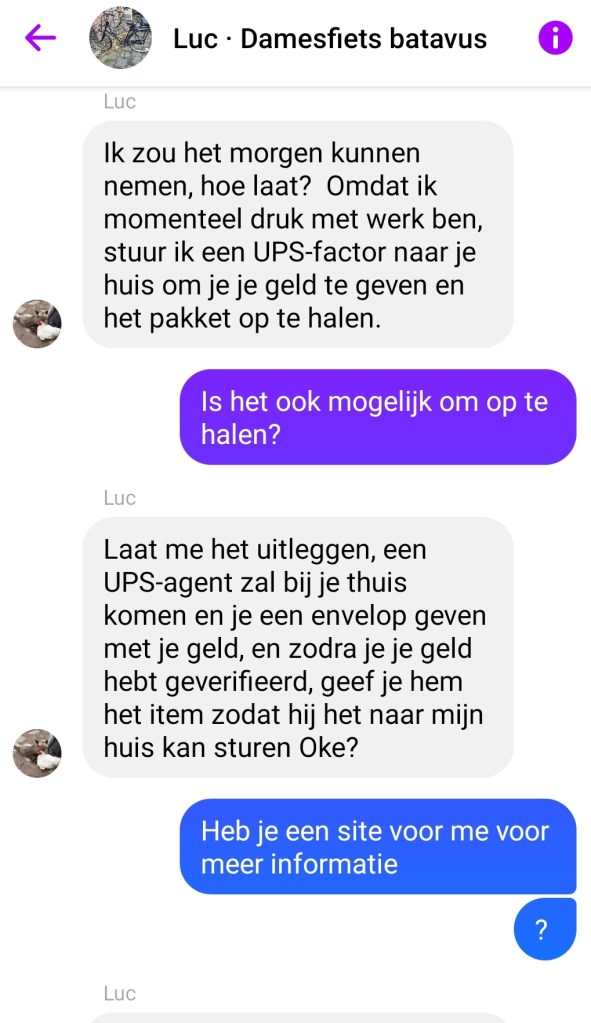 Ik was toe aan een nieuwe fiets na 12 jaar. Op een gegeven moment kan je wel blijven repareren maar nu was de reparatie meer waard dan de fiets. En zodra ik een idee heb dan gaat dat niet meer uit mijn hoofd. Die week heb ik nog een nieuwe gekocht en mijn oude op Marketplace van Facebook gezet. Ik heb er nooit problemen mee ervaren dus dat kon vast geen kwaad. Maar daar kwam de eerste. Ze wilde hem wel kopen en zou dan een HAPPY-POST postbode naar mij sturen met het geld en dan neemt de postbode de fiets mee. Nu bestaat HAPPY-POST wel maar niet in Nederland. Toen ik vroeg of ze meer informatie had en vroeg naar een website kapte ze het gesprek af, blijkbaar kwam ik te dichtbij. En poef, het profiel was verdwenen.
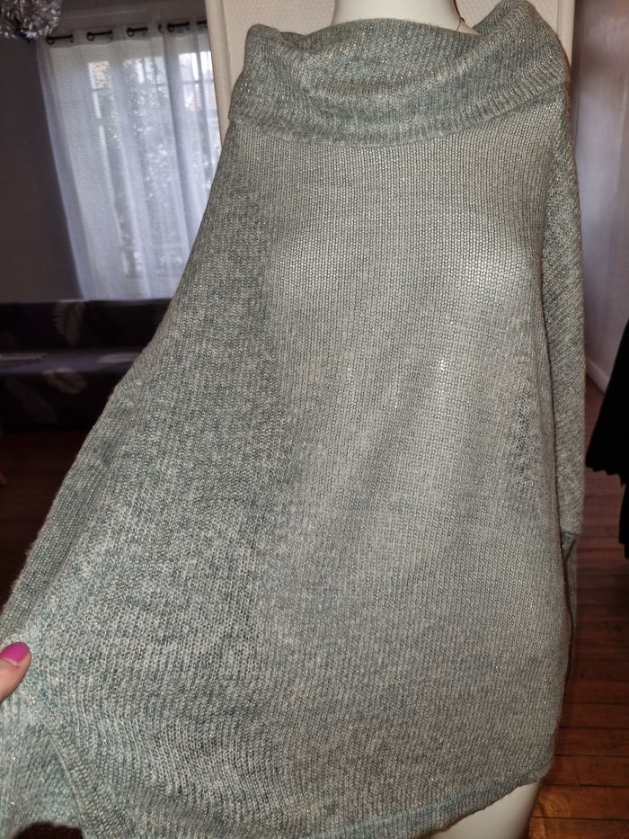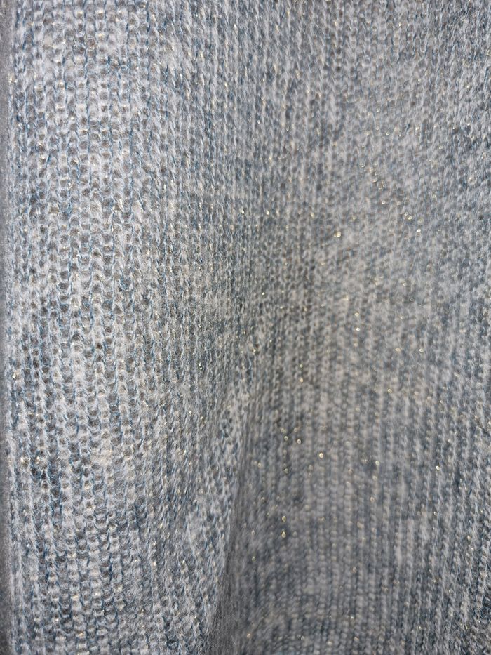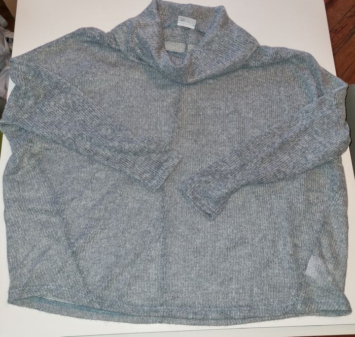 Pull Oversize Laura Torelli Taille 46/48 mais taille très grand, voir les mesures en suivant. Tissu fin, à porter avec quelque chose en dessous, voir photos. Large col. Coloris gris bleu avec fils métallisés. 56% Polyester, 41% Acrylique, 3% fibres métal. Dimensions à plat : épaules 94cm, aisselles 90cm, longueur 66cm. Neuf jamais porté.
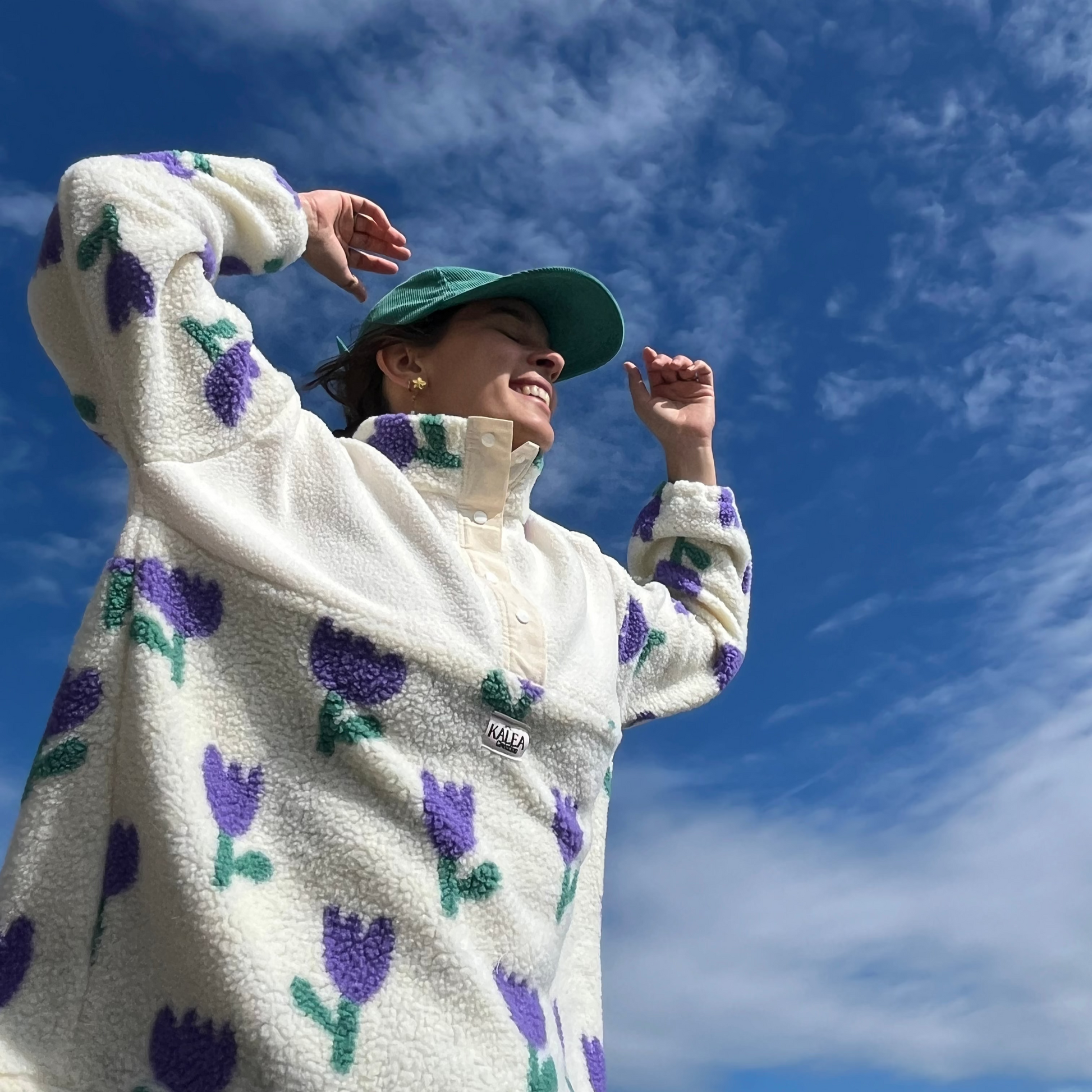Cette Polaire est un modèle unique. Cousue dans un tissu sherpa tulipes & du sherpa blanc. Une polaire oldschool, fleurie, aux couleurs douces, parfait pour une soirée fraîche sur la plage ou une journée en montagne.
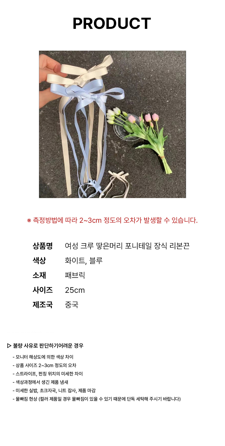 • 상품 불량/오배송인 경우 : 상품 수령 후 3개월 이내, 혹은 그 사실을 알게 된 이후 30일 이내 반품 신청 가능
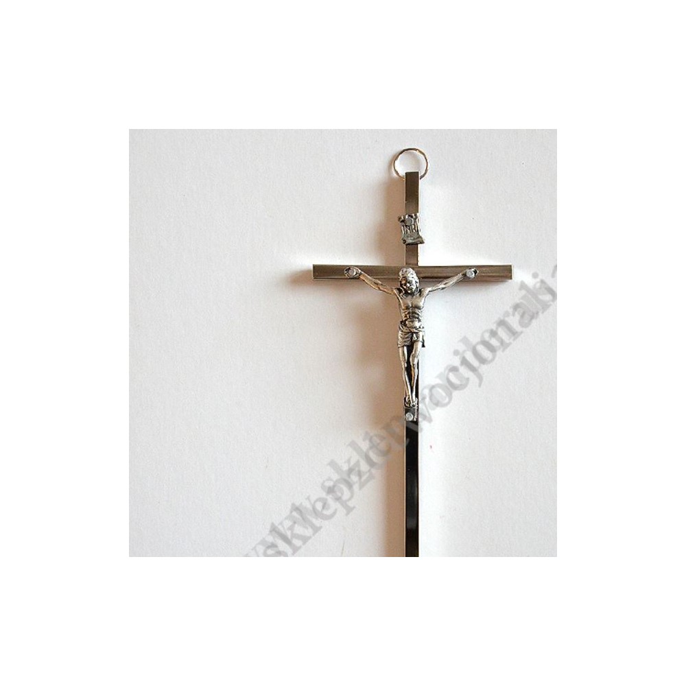 Metalowy krzyżyk o wysokości 18 cm z metalowym korpusem Pana Jezusa.
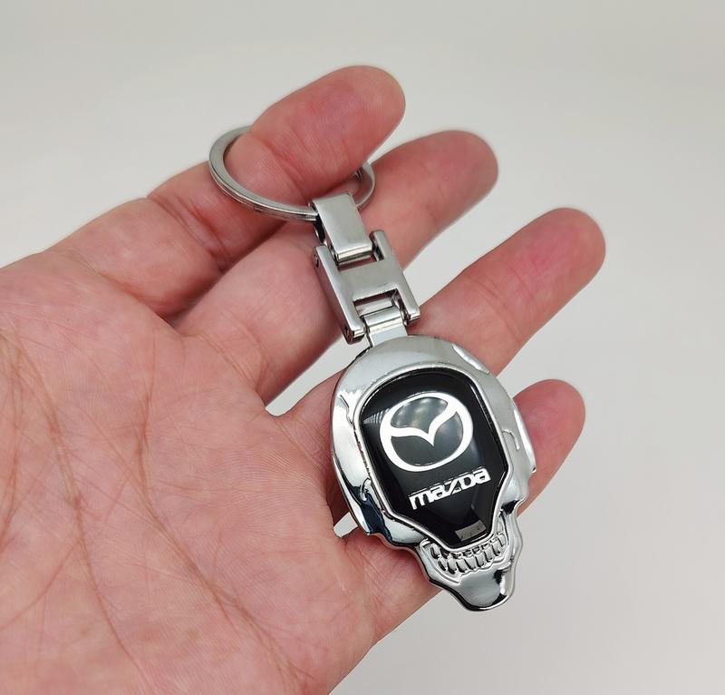 Брелок на ключи "Мазда" в виде Черепа. Металл/эмаль черная, размеры: длина общая 10,20 см., ширина 3,60 см., толщина 0,62 см., вес 28.80 грм., рисунок одинаковый с обоих сторон.
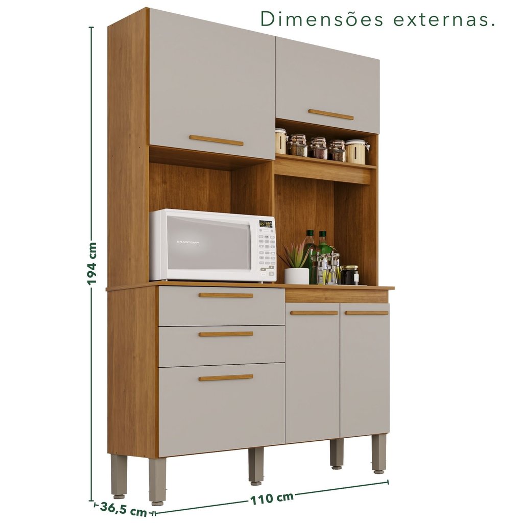 Se você adora organização, olha só que dica bacana para deixar a sua cozinha ainda mais bonita e completa, do jeitinho que você sempre sonhou! O Armário de Cozinha Dubai é o que você precisa para sua cozinha. Ele possui diversos compartimentos para guardar utensílios, mantimentos e o que você quiser. São prateleiras espaçosas para organizar tudo do jeito que sempre quis, 2 gavetas com corrediças telescópicas para melhor abertura e cores e estilo que combinam com qualquer ambiente. Aproveite e adquira logo este lindo armário de cozinha!! Estilo: Moderno Modular: Sim Peso (kg): 45 Garantia: 03 Meses Altura (cm): 194 Acabamento: Pintura UV Largura (cm): 110 Possui Pés: Sim Possui Portas: Sim Tipo de Porta: Bater Possui Gavetas: Sim Possui Rodízio: Não Suporta Até (kg): 35 Profundidade (cm): 36.5 Escala de Brilho: Semi-Brilho Gaveta com Chave: Não Material dos Pés: Polipropileno Material da Porta: MDP Origem do Produto: Nacional Ambiente Principal: Cozinha Material da Gaveta: MDP Material Principal: MDP Possui Prateleiras: Sim Acabamento da Porta: Pintura Quantidade de Peças: 5 Sapatas Niveladoras: Sim Acabamento da Gaveta: Pintura UV Material da Corrediça: Metálica Material da Prateleira: MDP Peso Máximo por Gaveta: 5 Acabamento da Prateleira: Pintura UV Tipo de Puxador da Porta: Externo Escala de Brilho da Porta: Semi-Brilho Tipo de Puxador da Gaveta: Externo Peso Máximo por Prateleira: 3 Tipo de Armário de Cozinha: Cozinha Compacta Tipo de Corrediça da Gaveta: Metálica Telescópica Material do Puxador da Gaveta: MDF Escala de Brilho da Prateleira: Semi-Brilho Tipo de Dobradiça/Corrediça da Porta: Simples Material da Dobradiça/Corrediça da Porta: Metálica Marca: Sallêto Móveis Cor: Cinamomo/Off White Cor do Produto: Cinamomo/Off-White Itens Inclusos: 1 Armário de Cozinha completo, Manual de Montagem e Kit Ferragens. Cor Predominante: Bege Linha ou Coleção: Dubai Quantidade de Prateleiras: 04 Prateleiras Quantidade de Gavetas: 02 Gavetas
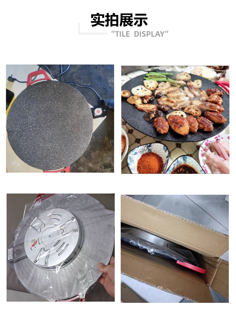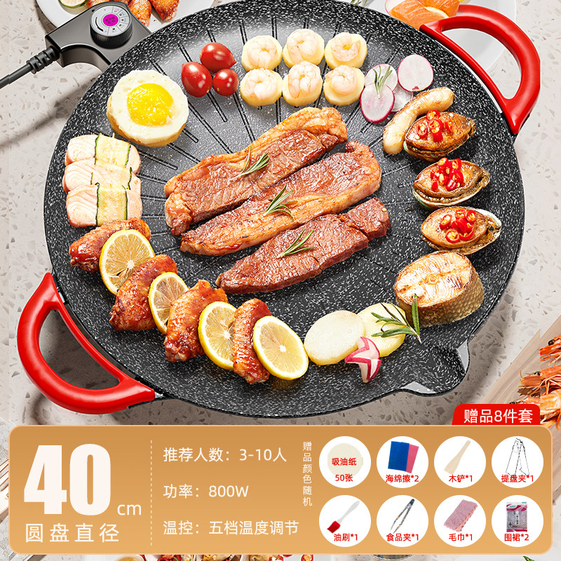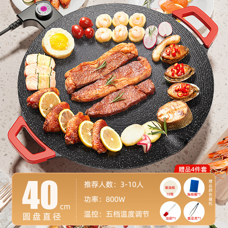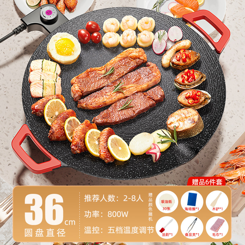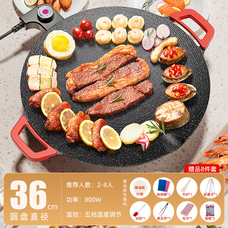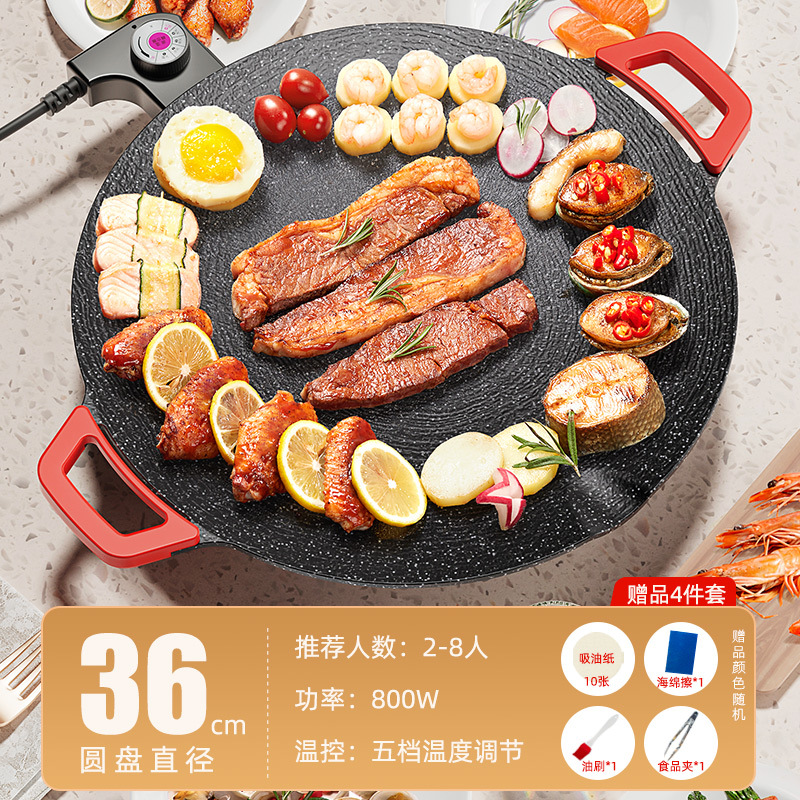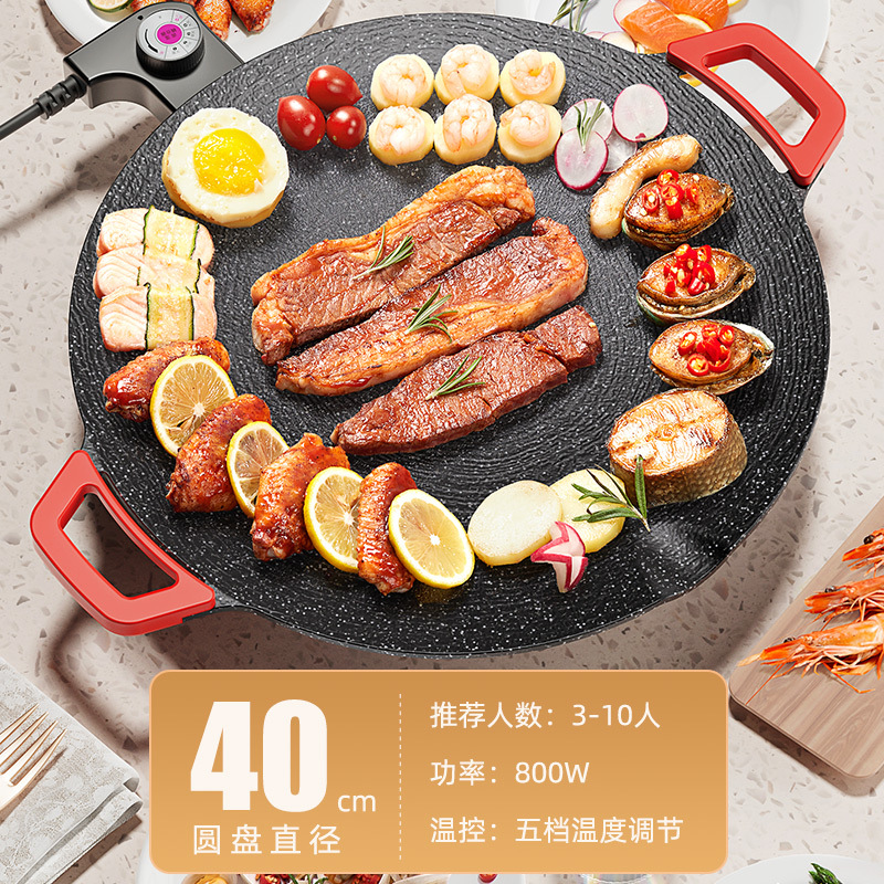 家用电热烤盘烤圆形插电烤盘肉盘烧烤炉少烟不粘麦饭石煎烤一体锅
◇ ◇ ◇ ◇ ◇
■ ABOUT THIS TASK:
If an entry above contains a picture, leave that picture out and copy everything else exactly.

■ RESULT OF THE TASK:
 Ik was toe aan een nieuwe fiets na 12 jaar. Op een gegeven moment kan je wel blijven repareren maar nu was de reparatie meer waard dan de fiets. En zodra ik een idee heb dan gaat dat niet meer uit mijn hoofd. Die week heb ik nog een nieuwe gekocht en mijn oude op Marketplace van Facebook gezet. Ik heb er nooit problemen mee ervaren dus dat kon vast geen kwaad. Maar daar kwam de eerste. Ze wilde hem wel kopen en zou dan een HAPPY-POST postbode naar mij sturen met het geld en dan neemt de postbode de fiets mee. Nu bestaat HAPPY-POST wel maar niet in Nederland. Toen ik vroeg of ze meer informatie had en vroeg naar een website kapte ze het gesprek af, blijkbaar kwam ik te dichtbij. En poef, het profiel was verdwenen.
 Pull Oversize Laura Torelli Taille 46/48 mais taille très grand, voir les mesures en suivant. Tissu fin, à porter avec quelque chose en dessous, voir photos. Large col. Coloris gris bleu avec fils métallisés. 56% Polyester, 41% Acrylique, 3% fibres métal. Dimensions à plat : épaules 94cm, aisselles 90cm, longueur 66cm. Neuf jamais porté.
Cette Polaire est un modèle unique. Cousue dans un tissu sherpa tulipes & du sherpa blanc. Une polaire oldschool, fleurie, aux couleurs douces, parfait pour une soirée fraîche sur la plage ou une journée en montagne.
 • 상품 불량/오배송인 경우 : 상품 수령 후 3개월 이내, 혹은 그 사실을 알게 된 이후 30일 이내 반품 신청 가능
 Metalowy krzyżyk o wysokości 18 cm z metalowym korpusem Pana Jezusa.
 Брелок на ключи "Мазда" в виде Черепа. Металл/эмаль черная, размеры: длина общая 10,20 см., ширина 3,60 см., толщина 0,62 см., вес 28.80 грм., рисунок одинаковый с обоих сторон.
 Se você adora organização, olha só que dica bacana para deixar a sua cozinha ainda mais bonita e completa, do jeitinho que você sempre sonhou! O Armário de Cozinha Dubai é o que você precisa para sua cozinha. Ele possui diversos compartimentos para guardar utensílios, mantimentos e o que você quiser. São prateleiras espaçosas para organizar tudo do jeito que sempre quis, 2 gavetas com corrediças telescópicas para melhor abertura e cores e estilo que combinam com qualquer ambiente. Aproveite e adquira logo este lindo armário de cozinha!! Estilo: Moderno Modular: Sim Peso (kg): 45 Garantia: 03 Meses Altura (cm): 194 Acabamento: Pintura UV Largura (cm): 110 Possui Pés: Sim Possui Portas: Sim Tipo de Porta: Bater Possui Gavetas: Sim Possui Rodízio: Não Suporta Até (kg): 35 Profundidade (cm): 36.5 Escala de Brilho: Semi-Brilho Gaveta com Chave: Não Material dos Pés: Polipropileno Material da Porta: MDP Origem do Produto: Nacional Ambiente Principal: Cozinha Material da Gaveta: MDP Material Principal: MDP Possui Prateleiras: Sim Acabamento da Porta: Pintura Quantidade de Peças: 5 Sapatas Niveladoras: Sim Acabamento da Gaveta: Pintura UV Material da Corrediça: Metálica Material da Prateleira: MDP Peso Máximo por Gaveta: 5 Acabamento da Prateleira: Pintura UV Tipo de Puxador da Porta: Externo Escala de Brilho da Porta: Semi-Brilho Tipo de Puxador da Gaveta: Externo Peso Máximo por Prateleira: 3 Tipo de Armário de Cozinha: Cozinha Compacta Tipo de Corrediça da Gaveta: Metálica Telescópica Material do Puxador da Gaveta: MDF Escala de Brilho da Prateleira: Semi-Brilho Tipo de Dobradiça/Corrediça da Porta: Simples Material da Dobradiça/Corrediça da Porta: Metálica Marca: Sallêto Móveis Cor: Cinamomo/Off White Cor do Produto: Cinamomo/Off-White Itens Inclusos: 1 Armário de Cozinha completo, Manual de Montagem e Kit Ferragens. Cor Predominante: Bege Linha ou Coleção: Dubai Quantidade de Prateleiras: 04 Prateleiras Quantidade de Gavetas: 02 Gavetas
 家用电热烤盘烤圆形插电烤盘肉盘烧烤炉少烟不粘麦饭石煎烤一体锅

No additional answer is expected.